Wonju Gymnasium
- Interactive map of Wonju Gymnasium
- Full name: Wonju General Gymnasium
- Location: Wonju, South Korea
- Owner: Wonju
- Operator: Wonju Cultural and Sports Office
- Capacity: 4,600 seats
- Surface: 23,034 m^{2} floor area

Construction
- Opened: August 10, 2013
- Cost: ₩5,000,000,000

Tenant
- Wonju DB Promy

= Wonju Gymnasium =

Sports venue in Wonju, South Korea

Wonju Gymnasium is an arena in Wonju, South Korea. It is the home arena of the Wonju DB Promy of the Korean Basketball League. The complex includes above-ground and basement parking space as well as the team's training facilities and clubhouse, which is connected to the arena via a special underground walkway.

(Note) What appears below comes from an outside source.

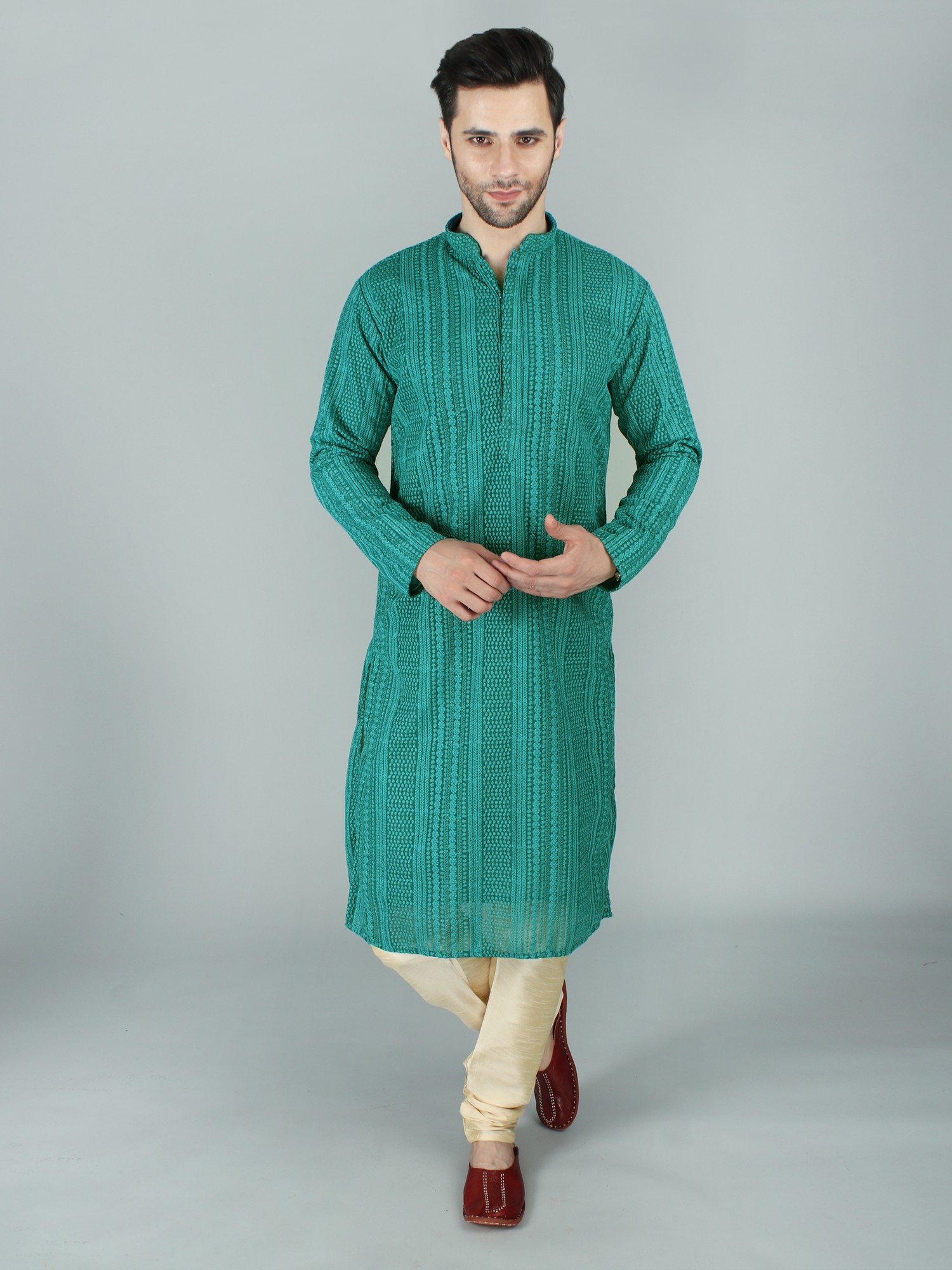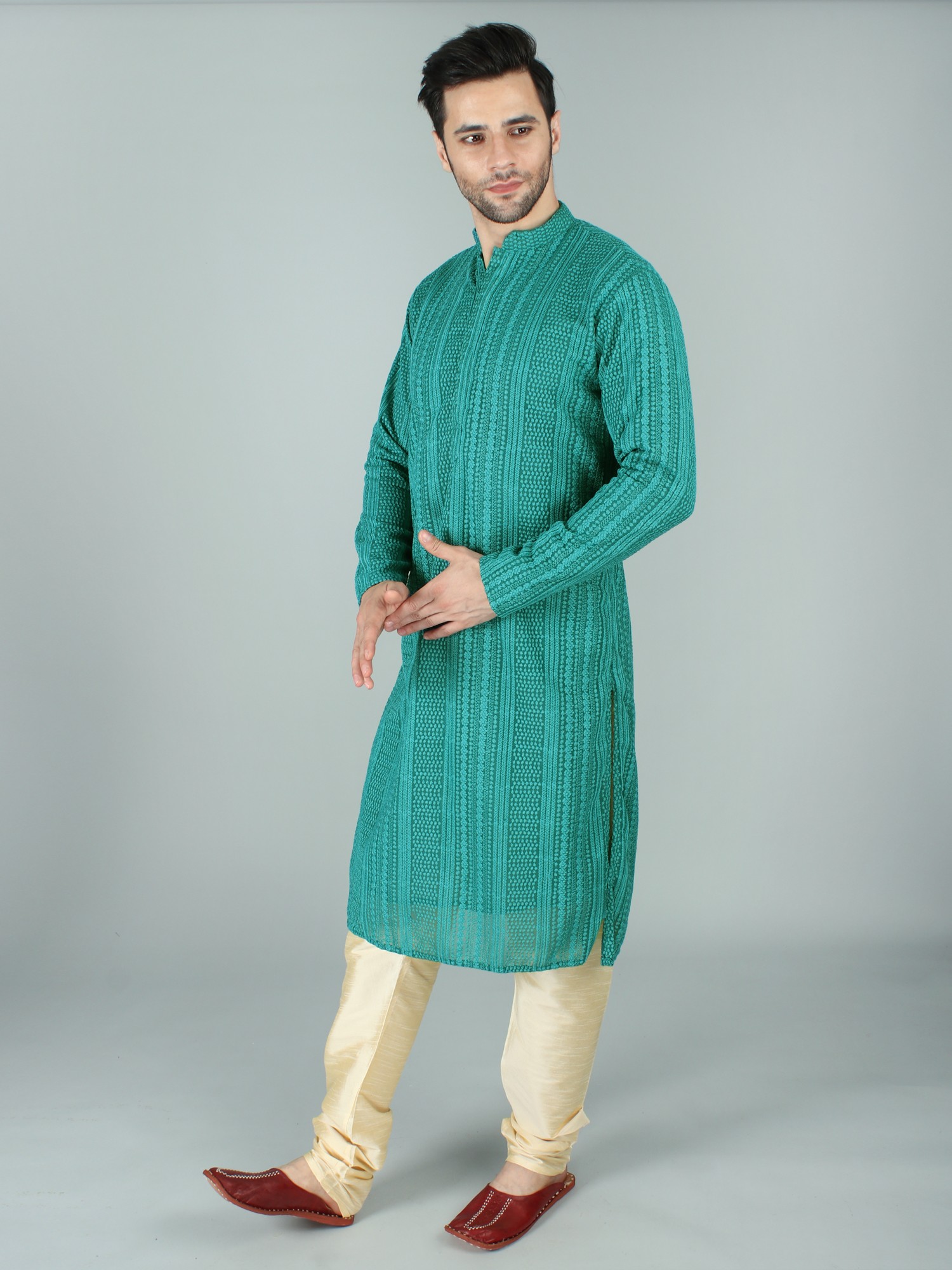 Step into the realm of timeless grace with our fine Chikankari Kurta Pyjama Set, where tradition meets delicate craftsmanship. The fine art of Chikankari takes centre stage, creating a garment that is a celebration of detailing. The Kurta Pyjama Set, with its Chikankari elegance; it's a symbol of cultural richness. The intricate patterns delicately dance on the fabric, showcasing a mastery that transcends fashion trends.
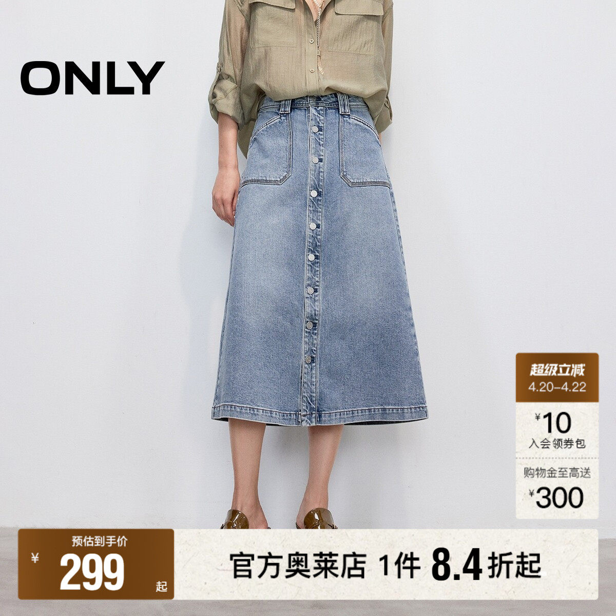 【ONLY奥莱】春夏设计感高腰磨白单排扣口袋牛仔中长裙半身裙女

Prior to the opening of the Wonju Gymnasium, Wonju DB Promy had played at the outdated and much-maligned Chiak Gymnasium and did not have its own dedicated training ground and facilities. Its players had to work out at local neighborhood gyms. The lack of funding from the pre-Dongbu Insurance era meant that the Chiak Gymnasium was never renovated to meet modern-day standards despite drawing some of the biggest game-day crowds among the KBL teams. The Wonju municipal government agreed to invest ₩5 billion into the construction of a new purpose-built arena. It opened in time for the 2013–14 season.

==Events==
In addition to basketball, Wonju Gymnasium has been used for concerts and other large-scale events during the off-season. It hosted the 4th APAN Star Awards, the 2026 LCK season Road to MSI esports tournament, and several Road Fighting Championship events.

During the COVID-19 pandemic, the arena doubled as a testing site for local residents.